Does the Sun ever worry about running out? Perhaps, methinks, for no more Sun means no more giving, and I think that runs squarely against her nature, against her giving grain.
Does the Sun know what happens to stars when they grow older? Does she know how stars pass away?
Does she know that most stars (her size) take millions of years to die, that when a star like her has burned all of its hydrogen fuel, it expands to become a red giant, a huge, millions-of-miles-across giant — big enough to swallow nearby planets, say Mercury and Venus.
Does she know that, eventually, she’ll shed her far-reaching outer layers and collapse to form a very dense white dwarf, one teaspoon of what now remains of her weighing in at a hundred tons.

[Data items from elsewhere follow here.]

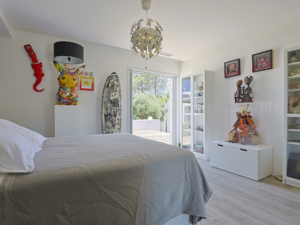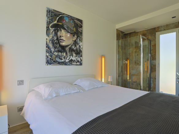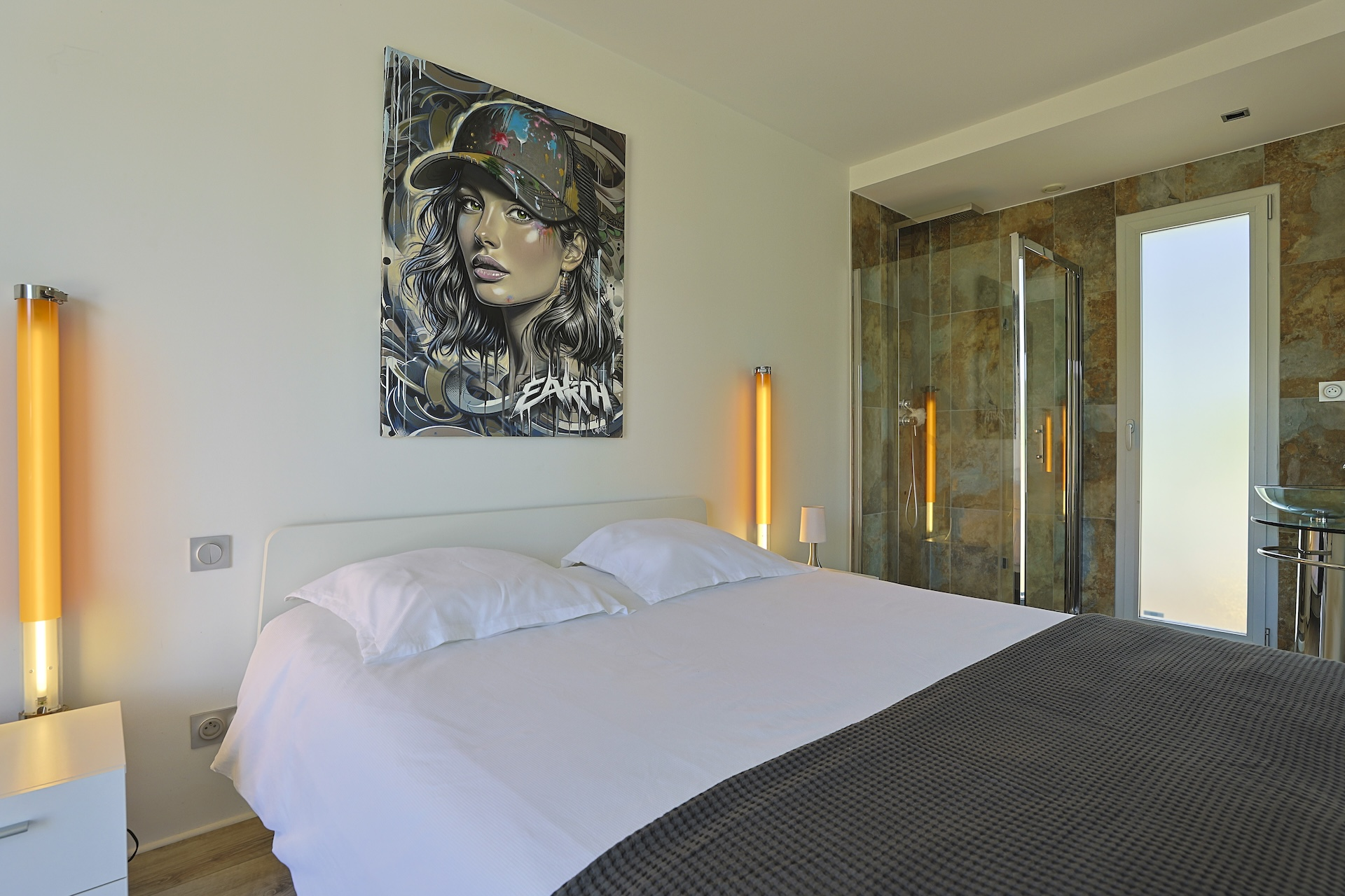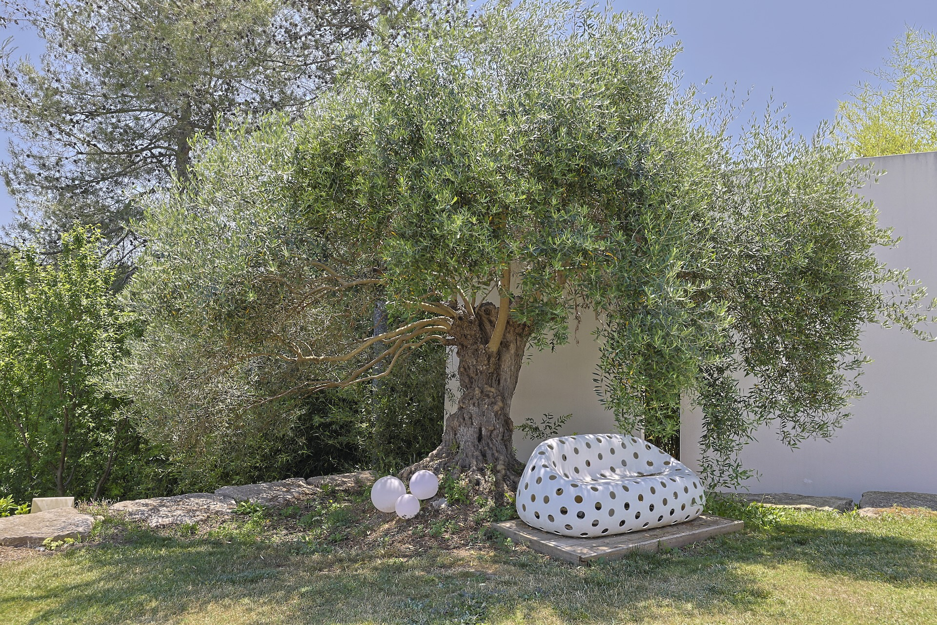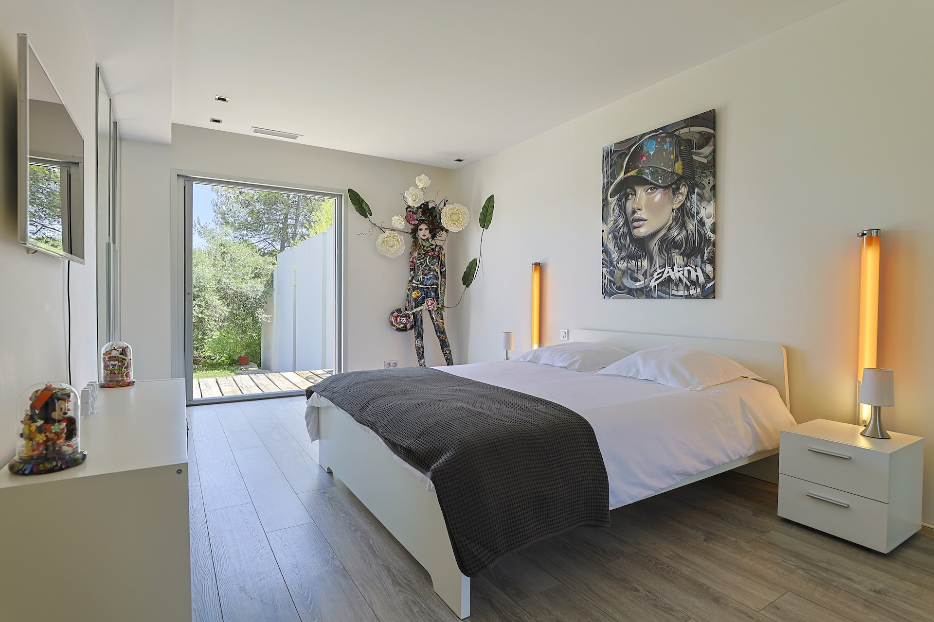 Villa Pop-corn belongs to a renowned international artist, and many of his original paintings and sculptures adorn the space, giving the home a unique creative energy. If preferred, artworks can be stored away during your stay. The artist’s studio, located in the basement, remains closed during rentals.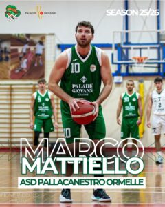 La società annuncia la riconferma di Marco Mattiello, alla sua 22ª stagione da Senior e 7ª consecutiva con la maglia della Pallacanestro Ormelle!
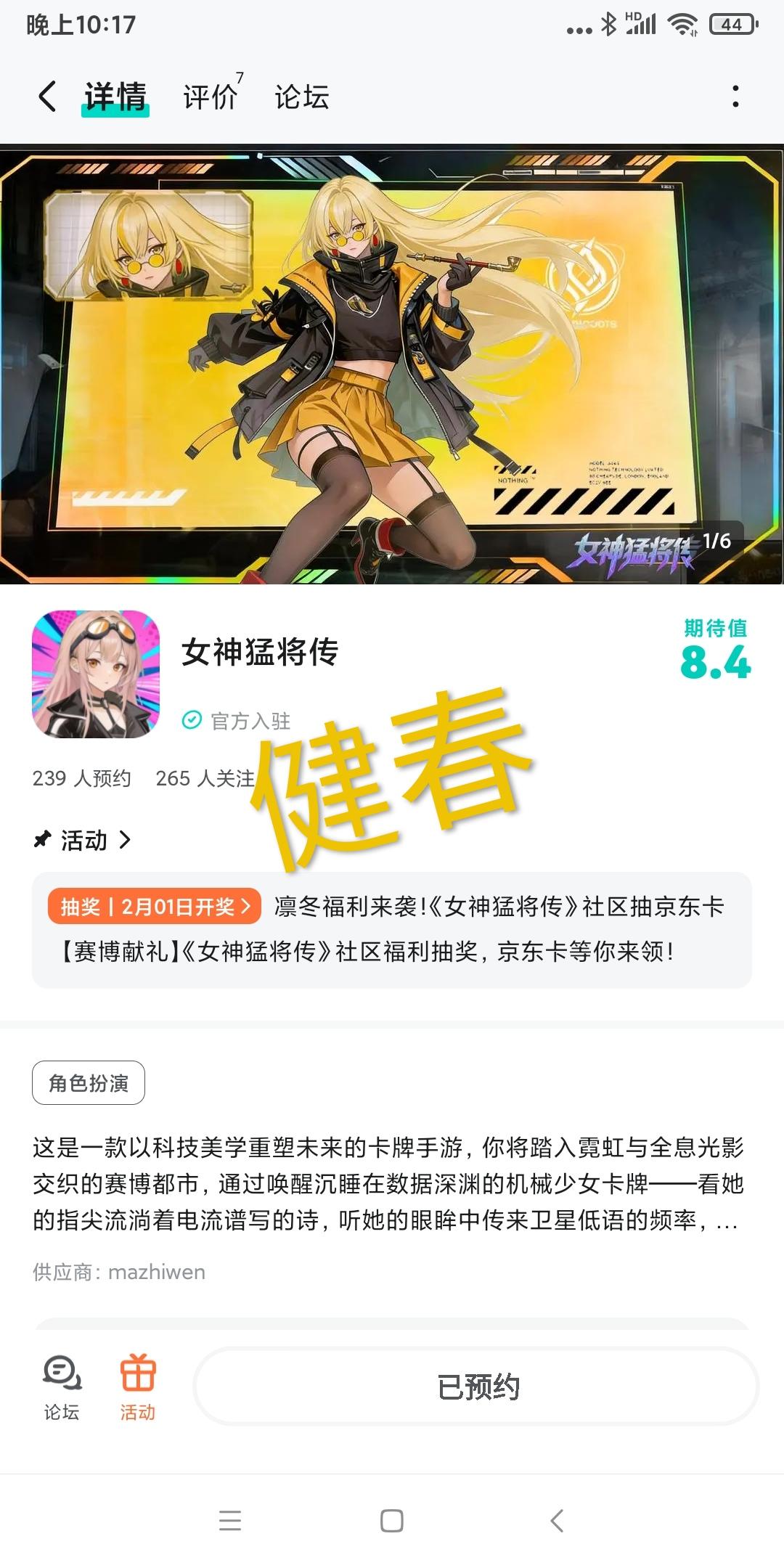 霓虹闪烁,数据奔流,属于机械少女的赛博史诗正待开启!为感谢各位指挥官的关注与支持,《女神猛将传》TapTap 社区专属抽奖活动正式开启,参与即有机会赢取京东卡福利,快来邂逅你的专属机械少女吧!🎁 活动奖励抽取 1 位幸运指挥官,赠送京东卡一张📝 参与方式点击关注本发帖账号及关注游戏在本帖下方评论区任意留言,即可成功参与🔔 奖品发放说明到达开奖时间后,将由 TapTap 系统从符合条件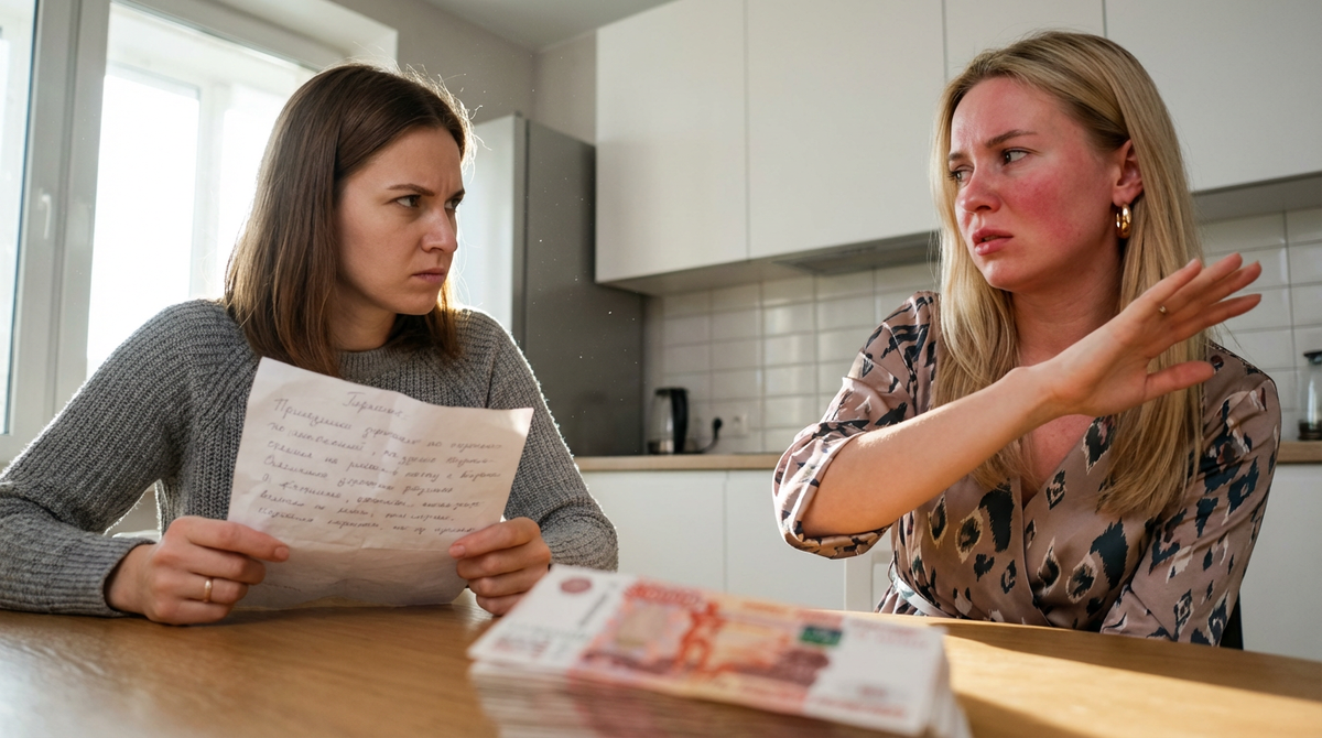 Встреча происходила в коридоре квартиры Елены и Сергея. Оксана выглядела помятой и злой. Она молча швырнула пачку пятитысячных купюр на тумбочку.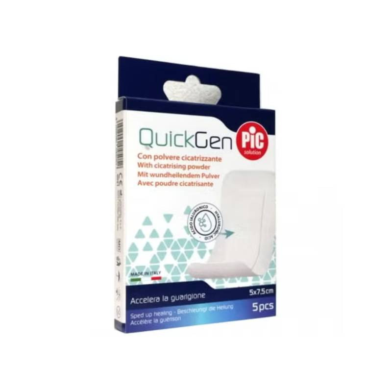 Pic Solution QuickGen Penso 5x7,5cm x5 protege a ferida e acelera o processo de cicatrização. Recomendado para escoriações e queimaduras com exsudato.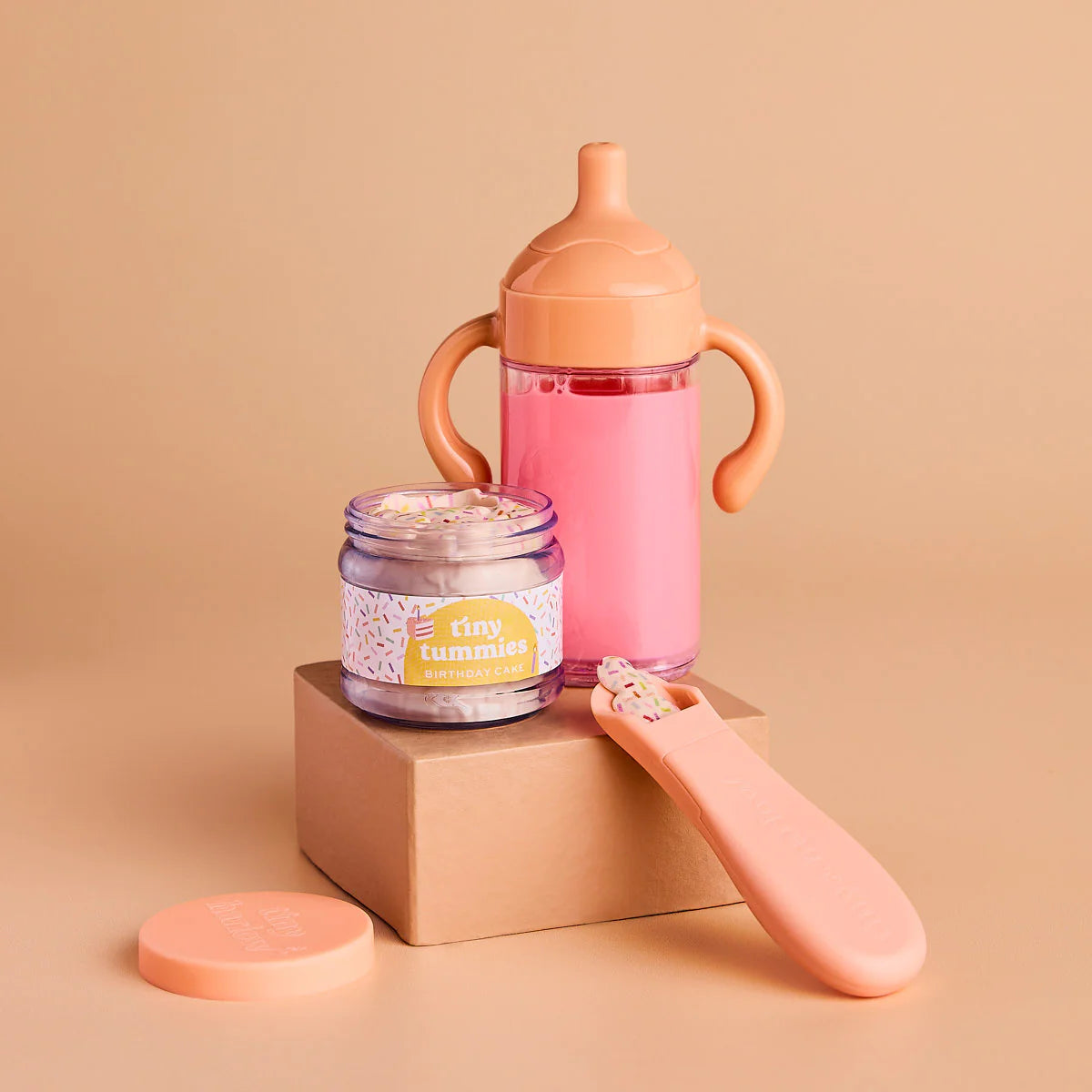 This set comes in beautiful individual packaging and is part of the Tiny Tummies collection, available in different flavors: Coconut Yogurt, Grape Jelly, Roast Chicken Dinner, Apple Purée, Banana Custard, Chocolate Custard, Strawberry Custard and Peach Jelly .
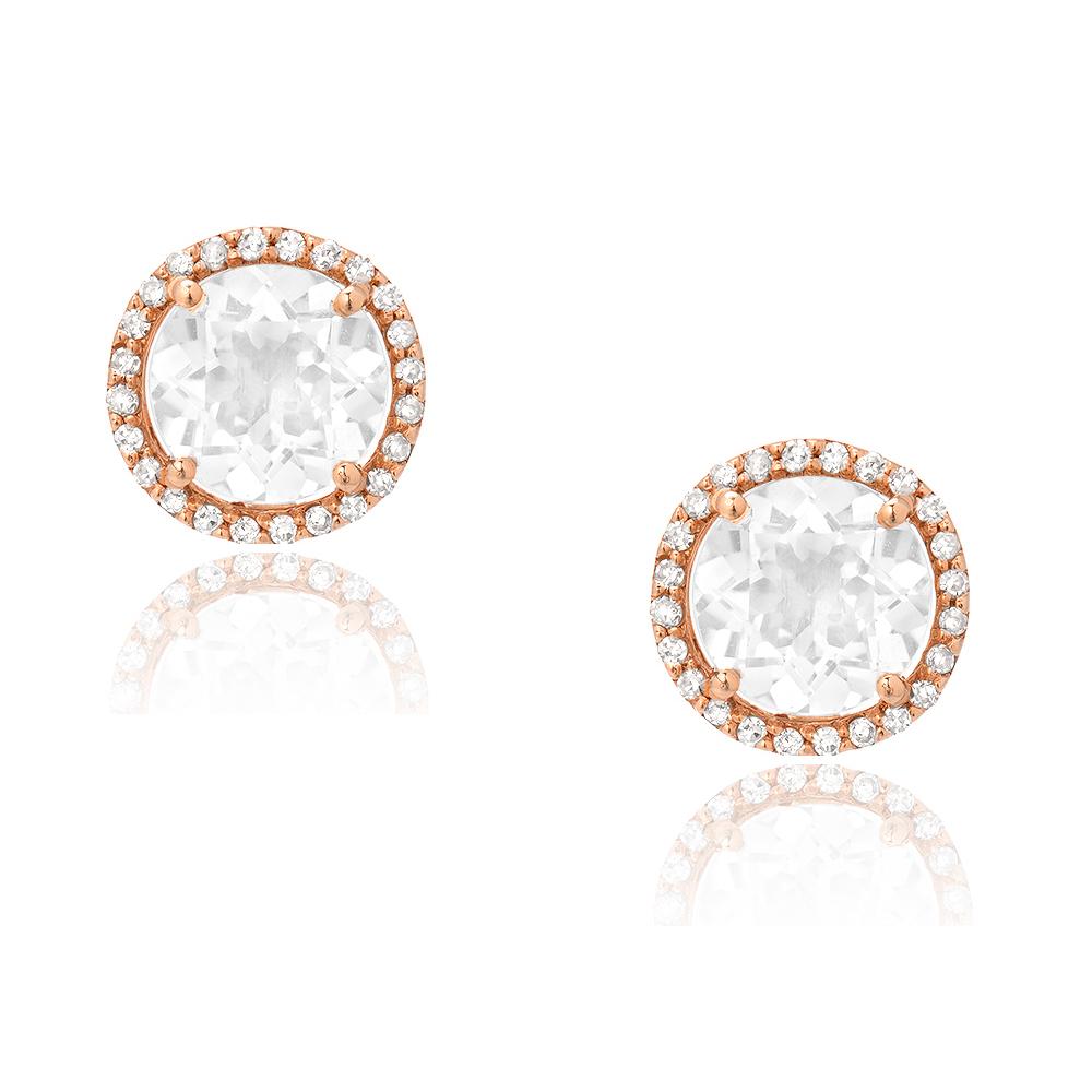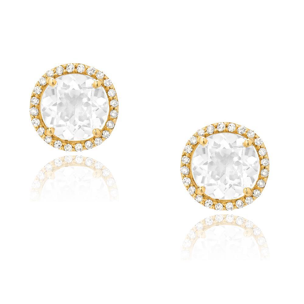 These elegant white topaz earrings are haloed with white diamonds and set in 14k gold. A beautiful statement in a classic style.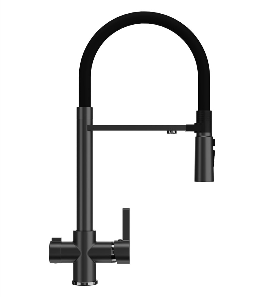 Смеситель ULGRAN U-026 – это стильный современный кухонный смеситель с высоким гибким изливом черного цвета. Материал корпуса выполнен из высококачественной латуни, сверху корпус смесителя покрыт хромом.

Does she know that, then, over the next billion or so years, the white dwarf sun will cool and becomes invisible.
Now for all intents and purposes no more, dead.
Does she know about this? Does she worry? About us? About herself? Perhaps about us, that’s what I think.
Perhaps she secretly wishes she were larger, for those larger stars they go out with a bang — not where the expression comes from, but it’s very apt, for stars of, say, eight or ten times the mass of the Sun, for reasons best known to gravity and astronomers, end their lives in a different, very sudden manner. When they run out of fuel, they, like the Sun, will swell into a red giant, but into one much larger, into a super-giant.
Will swell into a super-giant who refuses to die and now clings to life by burning different fuels, but this will only work for a few million years, then it will, unavoidably and finally, blow itself apart in a huge, glorious supernova explosion — the going out with a bang.
For a week or so, the supernova will outshine all of other stars in its galaxy and will be seen from most planets even in sunlit daytime. Then it quickly fades, normally leaving nothing but a tiny, dense object — a neutron star — or, if it were truly massive to begin with, a black hole, surrounded by an expanding, fleeing cloud of very hot gas.
The elemental remnants of the supergiant (such as oxygen, carbon and iron) now drift scattered throughout surrounding space: stardust that I time will attract and cohere and form other stars and planets, and so it starts all over again.
Perhaps she would prefer this going-out-with-a-bang option. I would, if I were the Sun.
Mostly, though, I think she worries about us, and about human ignorance embarked upon our slow but quite certain global suicide.